Gov. Sam Brownback (R-KS) has bankrupted the state of Kansas so bad that his own party has had to start raising taxes to save it's credit rating from being downgraded again.
A study done by the University of Kansas found that while Kansas cut the amount of time families could get cash assistance through the Temporary Assistance for Needy Families program (TANF) and made it tougher to qualify, child abuse and neglect cases increased. As KCUR reported, the leading reason Kansas children are put into the foster care system is due to abuse and neglect.
“It’s remarkable. There is a mirror image,” KU economist Donna Ginther explained. “As the Kansas TANF caseloads drop, the number of reports of abuse and neglect go up. And you see a similar relationship for foster care placements.”
Due to the increase in requirements to qualify for TNAF and the cap on what families could receive, TNAF funds have plummeted from 14,321 families in 2011 to 4,563 in March 2017.
Under Brownback's "tea party experiment," TNAF has been sliced three different times. First, they cut the number of months a family could get benefits from 60 months to 48 months. Four years later, the Republican-led legislature passed the HOPE Act, which cut it even more, down to 36 months. By 2016, Republicans passed HOPE Act 2.0, which cut it down to 24 months with the possibility of getting a hardship extension for up to a year.
Gina Meier-Hummel, the Secretary of Kansas Department for Children and Families, claimed that her department's internal numbers don't show what the KU study reveals.
“We’re going to continue to have conversations about the policies and make sure we’ve got everything right,” she said earlier this week. “We obviously think we have the policy right, but we’ll continue to look at that.”
But Sandra Kimmons, Department for Children and Families director of economic and employment services, told KCUR that records from 2010 to 2016 revealed a constant percentage of families leaving TANF and children entering foster care in the 12 months that followed.
The study authors examined the number of children who entered the foster care system within 24 months of losing their TANF benefits. The Department of Children and Families only searched for the last 12 months. The KU researches also looked at families who not only lost their TANF funding but also who applied and were denied.

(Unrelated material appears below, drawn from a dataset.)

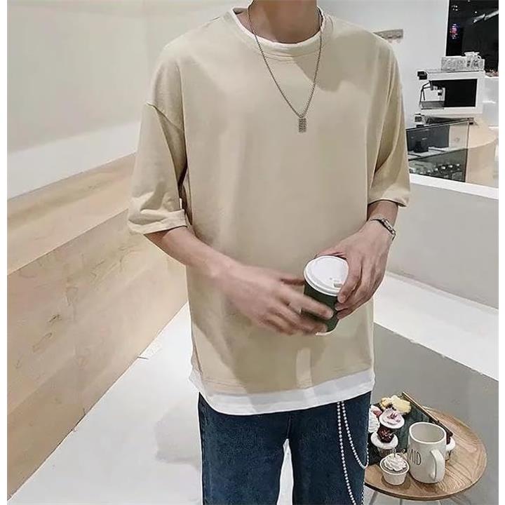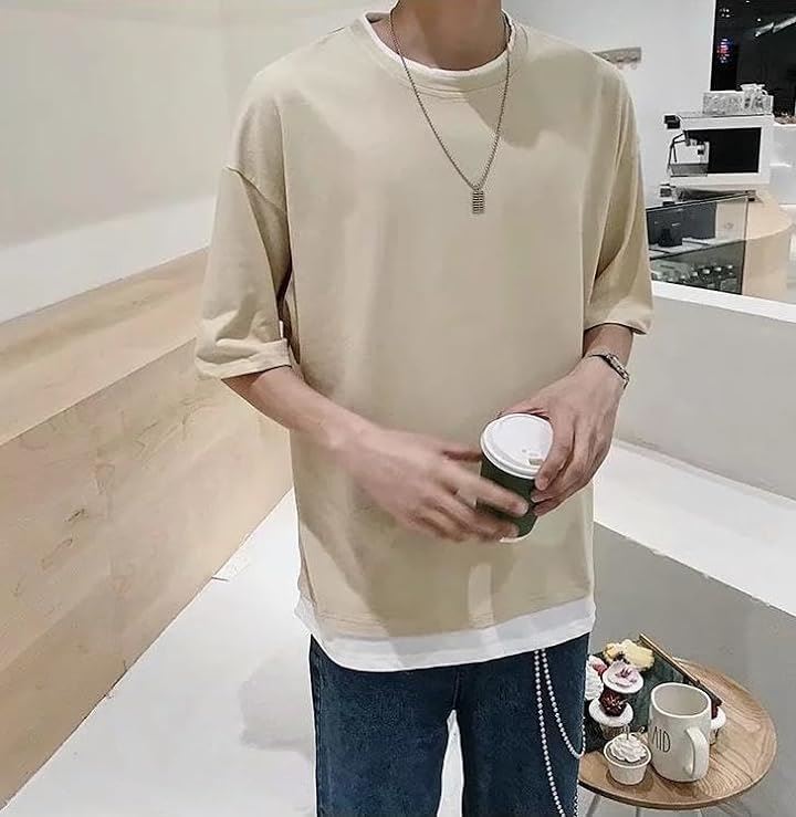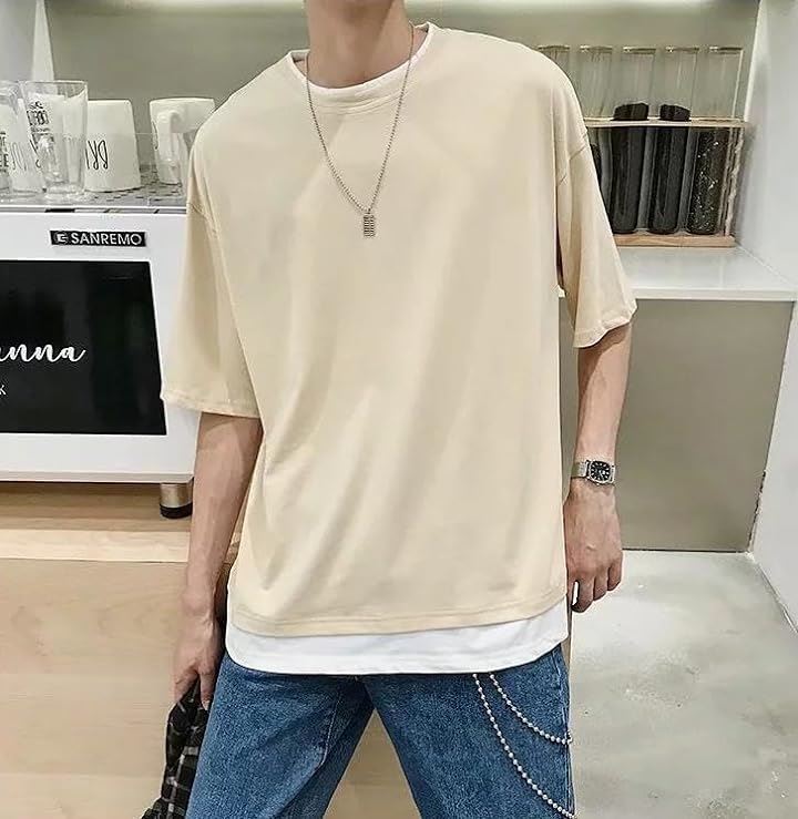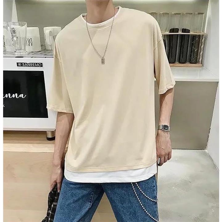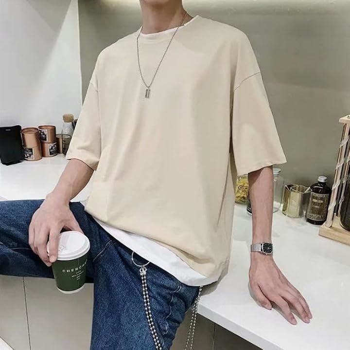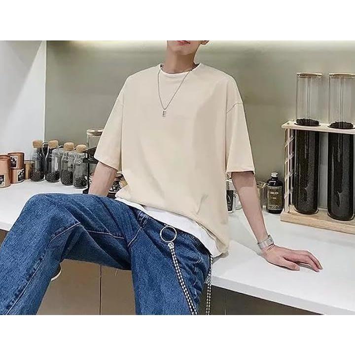 [エンプティオ] 無地 カットソー ビッグシルエット tシャツ 半袖 メンズ 韓国 クルーネック トレーナー ロングtシャツ スリム 大きいサイズ スポーツ 速乾 |

Republican Kansas Rep. Linda Gallagher sits on the child welfare task force and called the study the evidence she needs to call for improvements in the foster care system in the state. She's hoping the researchers can testify in a hearing about their findings so that legislators can begin to reverse the HOPE Act 2.0.
“I didn’t vote for the HOPE Act in the first place, so I welcome anything we can do to roll back aspects of it,” Gallagher said.
The Kansas legislature is led by a majority of so-called "pro-life" elected officials. A recent piece of legislation placed more barriers and hoops women must jump through to have an abortion. The law passed the House 85-38-2. It's unclear where these "pro-life" legislators stand on child abuse and neglect.